Thank you. That is the conclusion of my statement.
We thought it would be helpful for you to hear the voices of some of our members and why they think this is a worthwhile endeavor. First you'll hear from Elisabeth Escobar, Vice President & Senior Counsel of Intellectual Property at Marriott International, then Martin Sutton Manager of Fraud Risk & Intelligence at HSBC, and finally Susan Crane, Group Vice President of Intellectual Property at Wyndham Worldwide.
STATEMENTS FROM DESIGNATED MEMBER SPEAKERS
1. MARRIOTT - Elisabeth Escobar
The five-day grace period for new domain registrations, inaccurate and incomplete WHOIS data, and the lax regulation of registrars have all contributed to an explosion of Web sites filled with nothing but “pay per click” links to other sites. Many of these click-through sites use domain names that contain well-known brands to sidetrack consumers and divert them away from their intended destinations. Domain tasting and kiting has resulted in the proliferation of so many sites that it is impossible to attack the problem effectively through traditional methods. Instead, we need to address the abuses of the system that make cybersquatting an attractive business model.
2. HSBC - Martin Sutton
The issue of Cybersquatting is a serious one, one that threatens the viability of businesses, the rights of consumers and the trust between brands and the people they serve.

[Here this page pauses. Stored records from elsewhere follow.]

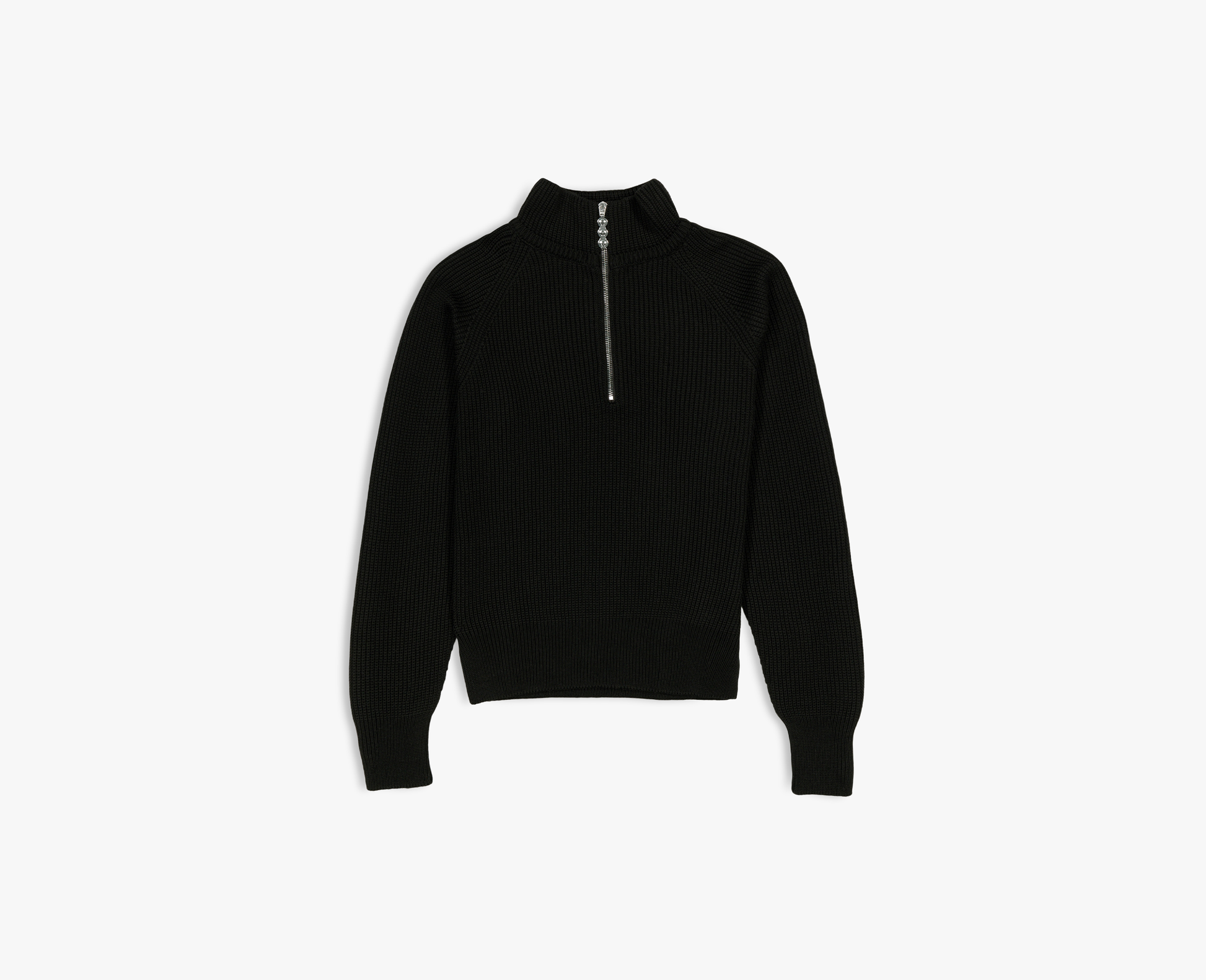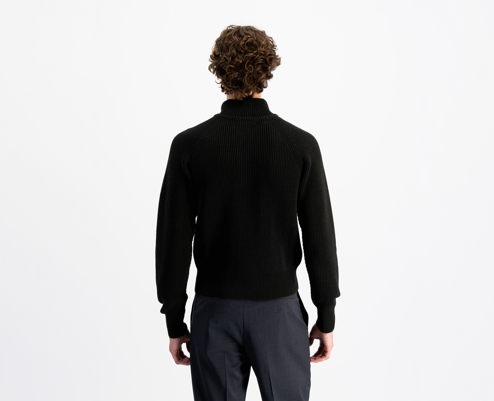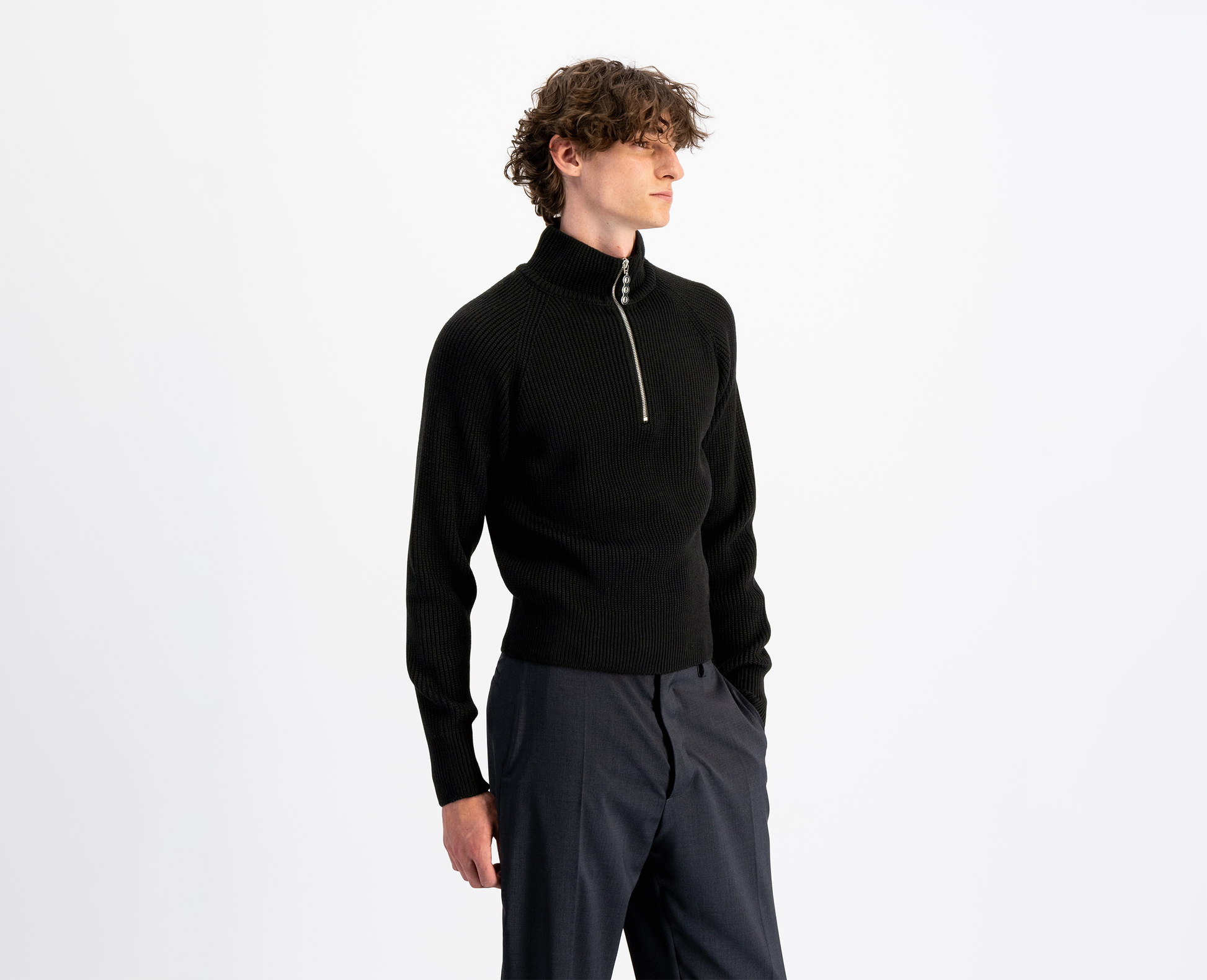 Pullover aus reiner Merinowolle mit hohem Kragen und riri-Reissverschluss. Hergestellt in der Schweiz.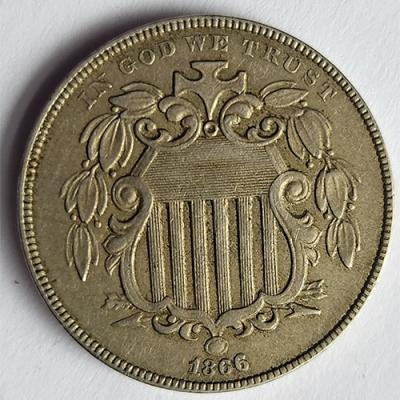 1866 Shield Nickel 1866, EF/AU 45, With Rays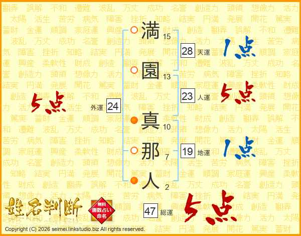 満園真那人さんの総運は47画の5点!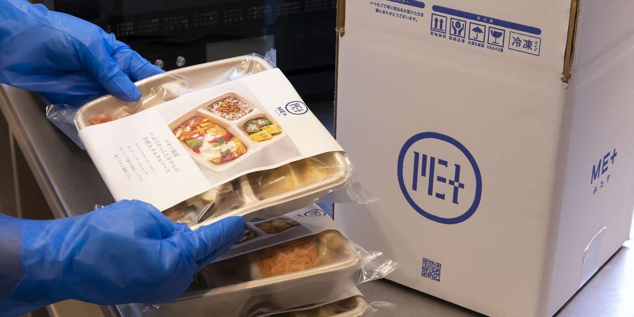 「忙しさに追われていても、病と向き合っていても、ご褒美のような一皿があれば前向きな気持ちでいられるはず」との想いで開発されたフローズン宅食デリカ「ME+-みたす-」。大阪・福島の日本料理『楽心』店主の片山心太郎さんと、大阪・西天満のイタリアンレストラン『MAKIBIⓇ』の河野 強さんがタッグを組み、10種の弁当を開発しました。調理は、電子レンジで温めるだけ。予防医療の観点から、カロリーや塩分がコントロールされた、バランスの良い弁当に仕上がっています。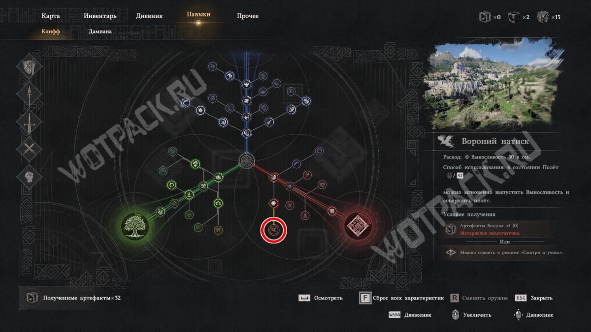 - Если битва кажется сложной, изучите навык «Вороний натиск» в красной ветке — он позволит совершать рывки-уклонения в полёте. Позже по сюжету этот скилл открывается без траты артефакта, но разблокировка на этом этапе может быть полезна для лучшей манёвренности.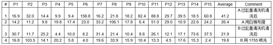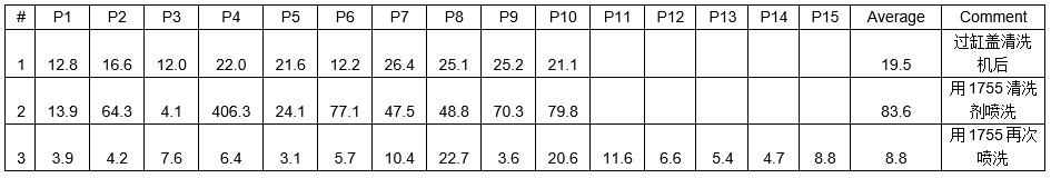 1、 用1755第一次噴洗,有一測量點(diǎn)的清潔度為RFU460,導(dǎo)致整個(gè)工件的清潔度平均值大幅升高。 此測量點(diǎn)的污染情況估計(jì)是由于1755噴洗時(shí)引起孔洞里的油污流出再次污染表面而造成。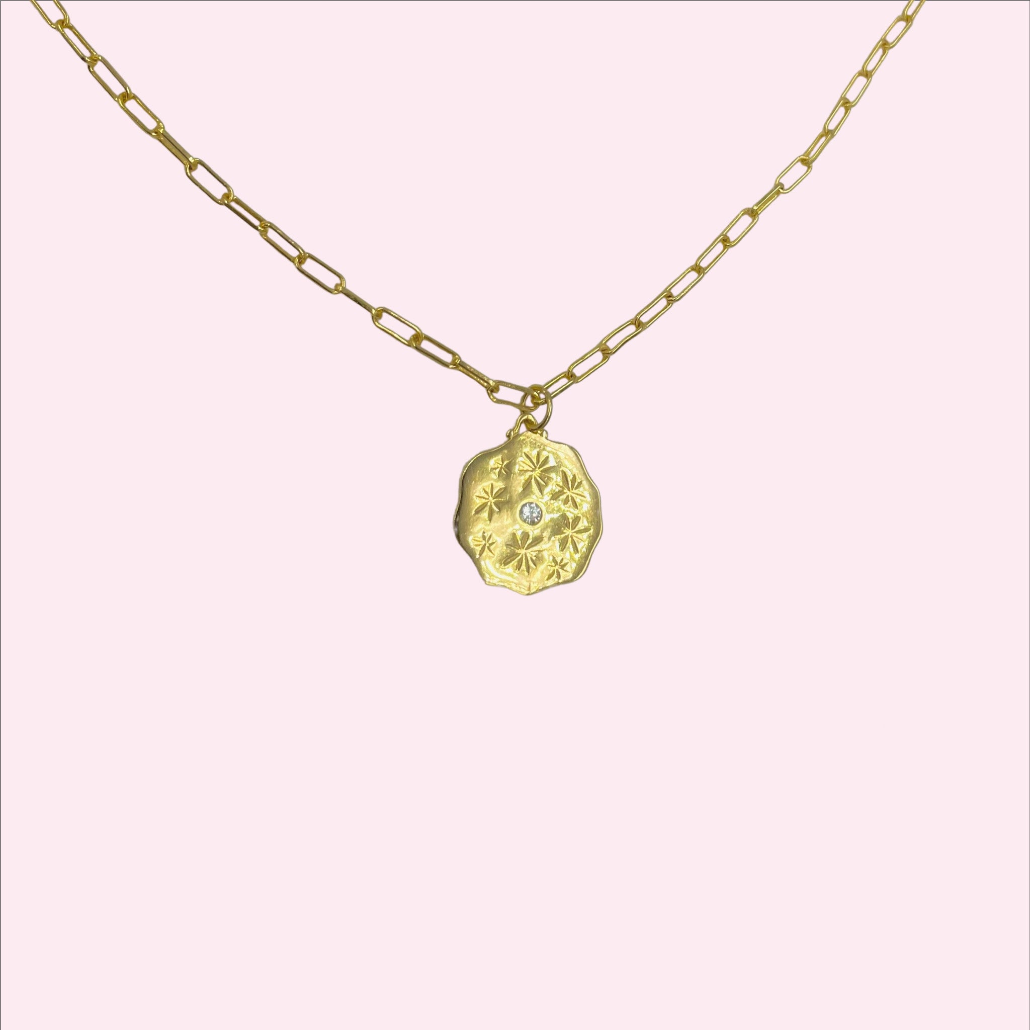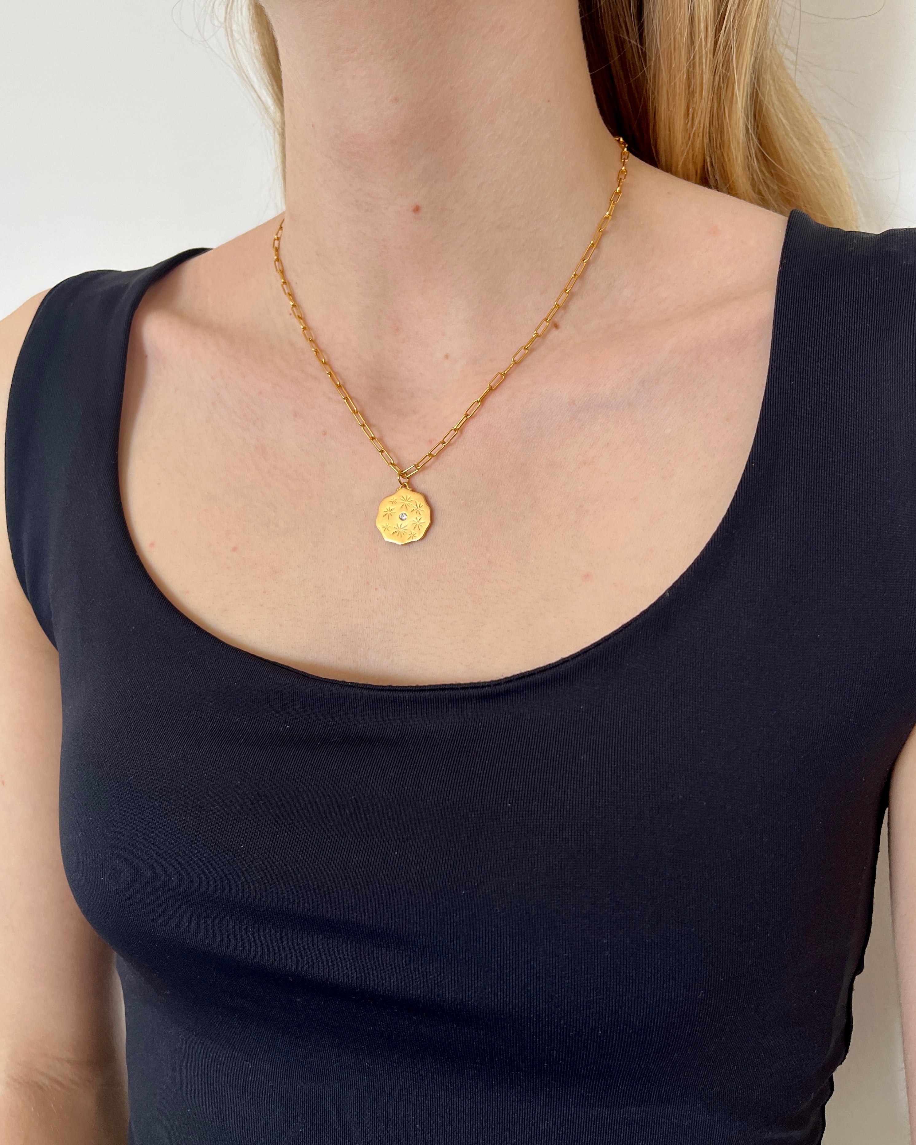 Die Fortika -Halskette hat gleichzeitig einen auffälligen, mysteriösen und abenteuerlichen Anhänger. Der runde Anhänger ist in Oberfläche und Kante rustikal. In der Mitte des Anhängers sitzt ein klarer Stein, der von kleinen gravierten Sternen umgeben ist. Auf diese Weise erinnert die Fortika -Halskette an einen Sternenhimmel, an dem einige Sterne klarer sind als andere.

Josh already mentioned that phishing is an example of when domain name abuse is used to harm consumers. In addition to phishing, there are many more ways that cybersquatting can be employed to inflict damage—Section 419 scams, also known as “Nigerian” or “Advance-Fee” scams, bogus investment scams and tasted domain names, to name a few, are all real problems.
HSBC, like many other brand owners, constantly detects and responds to the online threats that target our consumers around the globe but there is no complete solution to prevent or combat these problems. The options currently available to brand owners are often too slow and ineffective to stop these “Web bandits”.
CADNA will work for more effective ways to prevent fraud and combat criminal activity.
3. WYNDHAM – Sue Crane
Cyberquatters are siphoning away Internet user traffic meant for brand Web sites and deceiving online consumers. Customers can be duped into believing that they are getting the hospitality and service that they have come to expect from the Wyndham family of hotel brands, only to be left with rooms at unaffiliated properties, with no reservations at all or with their personal information compromised. It's a horrible experience for the customer and it is a company's responsibility to help protect against such an experience—but the burden of navigating through and policing the ever-changing landscape of Internet fraud is too much for a single brand or corporation to bear. CADNA will provide an opportunity for brand owners to work together to bolster fraud protection for both customers and businesses.